Ramsey Nasr: “Een kind? Het zou leuk zijn om eens iets levends in huis te hebben, en niet alleen fossielen en een opgezette das.”Beeld Erik Smits

Naar Venetië wilde Ramsey Nasr (45) nooit, bang om zijn droombeeld kapot te maken. Nu moest hij wel, voor de toneelbewerking van Thomas Manns De dood in Venetië, en hij ervoer er meerdere existentiële shocks. “Ik ben klaar voor een ander soort leven.”

BIO Ramsey Nasr:
• geboren op 28 januari 1974 in Rotterdam 
• Nederlandse dichter, schrijver, essayist, acteur en regisseur 
• doorloopt de toneelopleiding Studio Herman Teirlinck en werkt al even als acteur
• 2000: debuteert als dichter 
• 2005-2006: stadsdichter van Antwerpen 
• 2009- 2013: Dichter des Vaderlands in Nederland 
• 2013: pakt toneel­carrière weer op, nu bij Toneelgroep Amsterdam 
• maakt grote indruk met vertolking van Howard Roark in The Fountainhead (2014), goed voor de Louis d’Or 
• speelt de veel­geprezen hoofdrol van Jude St. Francis in Een klein leven •
 ook te zien in films en tv-series 
• schrijft verder proza, columns en opiniestukken  

In zijn keuken heeft acteur en dichter Ramsey Nasr een foto van Venetië. Wacht, hij haalt hem er even bij. Het is een plaatje uit 1885, een vroege vorm van kleurenfotografie, met daarop een kerktoren, wat huisjes en een gracht. Een van de meest bezochte steden ter wereld lijkt leeg, haast post-apocalyptisch verlaten. En de kleuren zijn, in Nasrs woorden, “totaal overspannen”.

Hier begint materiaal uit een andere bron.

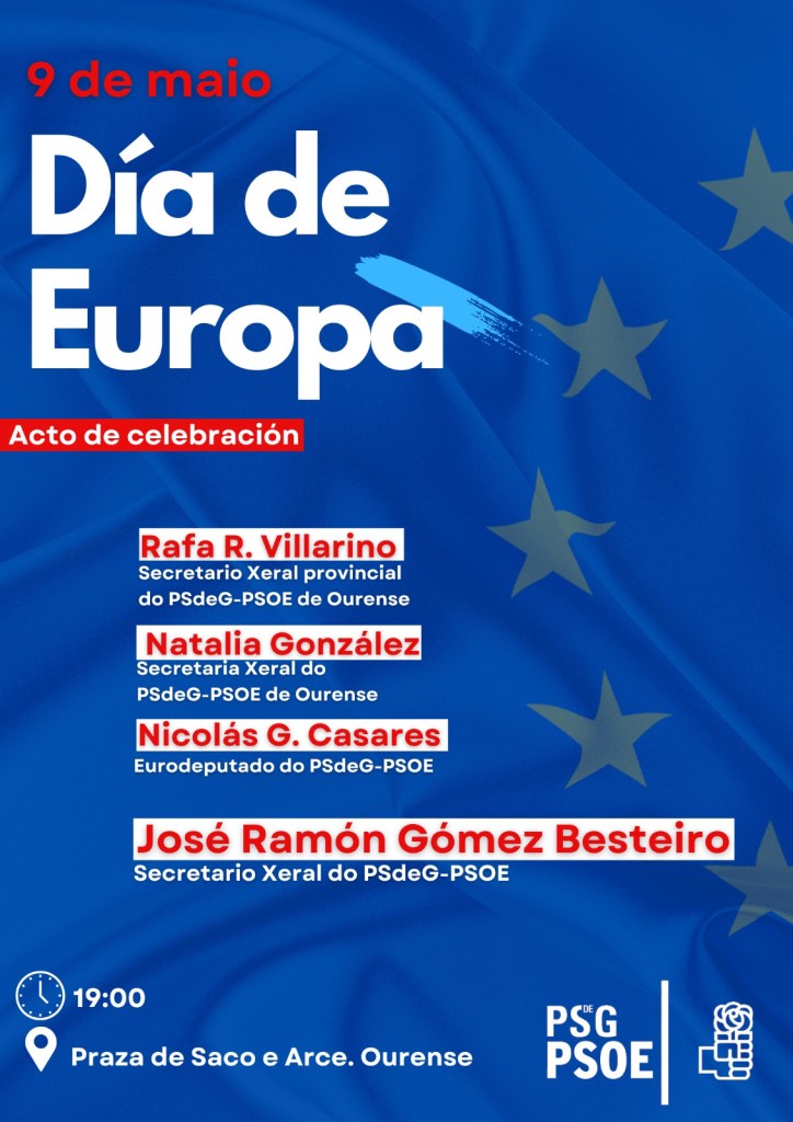 Por todo elo, mañá terá lugar un acto, ás 19.00 horas na praza Saco e Arce, no que intervirán o secretario provincial do partido, Rafael Rodríguez Villarino; a secretaria xeral en Ourense, Natalia González Benéitez; o eurodeputado na pasada lexislatura e candidato para o próximo proceso electoral, Nicolás González Casares; e o secretario xeral do PSdeG, José Ramón Gómez Besteiro. Ademais, haberá unha actuación musical ao remate das intervencións.

Het water in de gracht is “van een absurd diep malachietblauw”. De kerk “romig en roze”. Lang was dit zíjn Venetië: deze ruimte, deze leegte, deze kleuren. En daarom ging hij nooit. “Ik was bang mijn eigen droombeeld kapot te maken.”

Tot vorig jaar, want toen moest hij wel. Nasr, die deel uitmaakt van het acteursensemble van Internationaal Theater Amsterdam (ITA), was door regisseur Ivo van Hove gevraagd Thomas Manns novelle De dood in Venetië (1912) te bewerken voor toneel – het boek dat in 1971 zo succesvol werd verfilmd door Visconti. Uiteindelijk bezocht hij de stad drie keer. Elf weken deed hij er onderzoek naar Manns bezoek aan Venetië en volgde hij de voetstappen van Manns alter ego Gustav von Aschenbach, de oudere schrijver die op het Lido-strand fataal verliefd wordt op de piepjonge Tadzio. Nasr speelt zelf Von Aschenbach. “Ik wilde een plattegrond maken van zijn verliefdheid.”

Wat trof je in Venetië aan?

Ramsey Nasr: “Het was bizar, alsof ik mijn eigen fantasie binnenstapte. Bij deze foto dacht ik vaak: die kleur water, in een stad, kan dat? Nee, denk je dan, tuurlijk niet. Dan ga je ernaartoe en ontdek je: wel dus. Het is zo mooi als op de foto. Alle clichés over Venetië kloppen, en het blijft adembenemend.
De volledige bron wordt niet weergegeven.